JPashs
JPashs

Reputation: 13896

Generate all possible combinations for Columns(cross join or Cartesian product)

I have a Google SpreadSheets doc with three columns A, B and C.

I need to populate the Column C with all the possible combinations of the values in Columns A and B. Please take a look a the capture to see what I mean.

I found this to be done in Excel, here, but it doesn't work in google spreadsheets.

The formula should be useful even for more columns (e.g.: four instead of two)

Can I do this?

enter image description here

Upvotes: 39

Views: 77894

Answers (8)

player0
player0

Reputation: 1

year 2024 C.E.

in new AI world era, we can solve this with:

=INDEX(TOCOL(A2:A3&" "&TOROW(B2:B4)))

enter image description here

to account for future expansion we can do:

=INDEX(TOCOL(TOCOL(A2:A, 1)&" "&TOROW(B2:B, 1)))

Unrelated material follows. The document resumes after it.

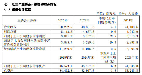3月24日披露的年报显示,该公司2025年度实现总营业收入502.82亿元,同比增长4.1%;实现净利润38.42亿元,同比增长22.5%,毛利率为17.39%(同比提升1.7个百分点),净利率为8.07%(同比提升1.03个百分点)。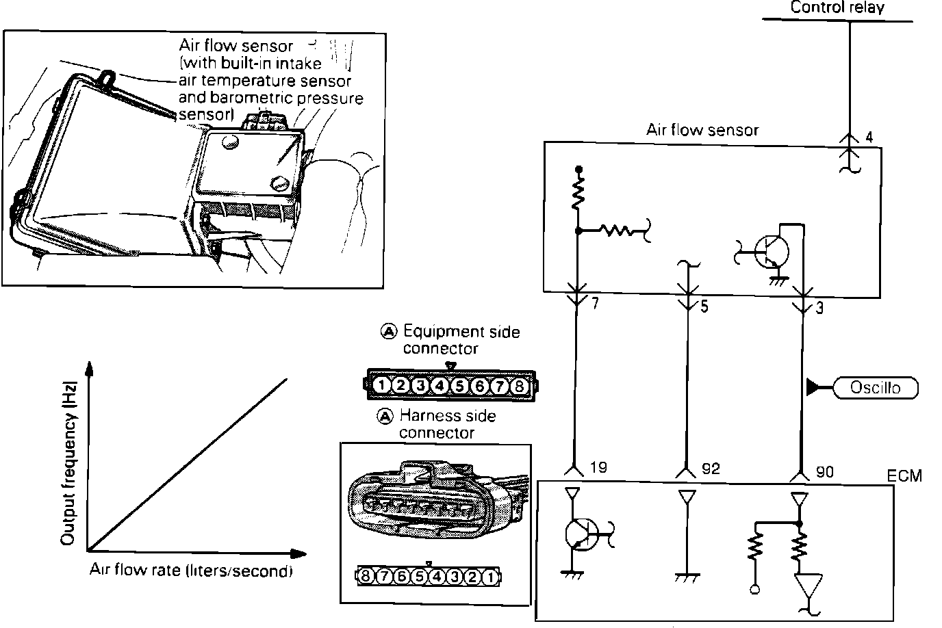 The Air Flow Sensor (AFS), attached to the upper air filter housing, measures the amount of air entering the intake manifold to provide the ECM with precise intake volume information. The AFS is a "Karman Vortex" type which measures the intake air volume.

enter image description here

for 3 columns:

=INDEX(TOCOL(TOCOL(TOCOL(A2:A, 1)&" "&TOROW(B2:B, 1))
                                 &" "&TOROW(C2:C, 1)))

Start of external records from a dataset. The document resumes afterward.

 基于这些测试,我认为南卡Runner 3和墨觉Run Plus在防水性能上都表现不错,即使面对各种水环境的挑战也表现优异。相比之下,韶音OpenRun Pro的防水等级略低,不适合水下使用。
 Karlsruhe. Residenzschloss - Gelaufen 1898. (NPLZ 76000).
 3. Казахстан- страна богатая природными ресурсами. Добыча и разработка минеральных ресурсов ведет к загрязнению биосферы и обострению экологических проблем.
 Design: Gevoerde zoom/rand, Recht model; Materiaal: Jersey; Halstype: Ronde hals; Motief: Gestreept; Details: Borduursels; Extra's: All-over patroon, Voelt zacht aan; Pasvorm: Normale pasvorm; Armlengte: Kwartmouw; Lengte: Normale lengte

enter image description here

4 columns:

=INDEX(TOCOL(TOCOL(TOCOL(TOCOL(A2:A, 1)&" "&TOROW(B2:B, 1))
                                       &" "&TOROW(C2:C, 1))
                                       &" "&TOROW(D2:D, 1)))

enter image description here

5 columns:

=INDEX(TOCOL(TOCOL(TOCOL(TOCOL(TOCOL(A2:A, 1)&" "&TOROW(B2:B, 1))
                                             &" "&TOROW(C2:C, 1))
                                             &" "&TOROW(D2:D, 1))
                                             &" "&TOROW(E2:E, 1)))

enter image description here

to split it into multiple columns (not that OP asked for this tho):

=INDEX(SPLIT(TOCOL(TOCOL(TOCOL(TOCOL(
 TOCOL(A2:A, 1) &"×"&
 TOROW(B2:B, 1))&"×"&
 TOROW(C2:C, 1))&"×"&
 TOROW(D2:D, 1))&"×"&
 TOROW(E2:E, 1)),"×"))

enter image description here




year 2021 C.E.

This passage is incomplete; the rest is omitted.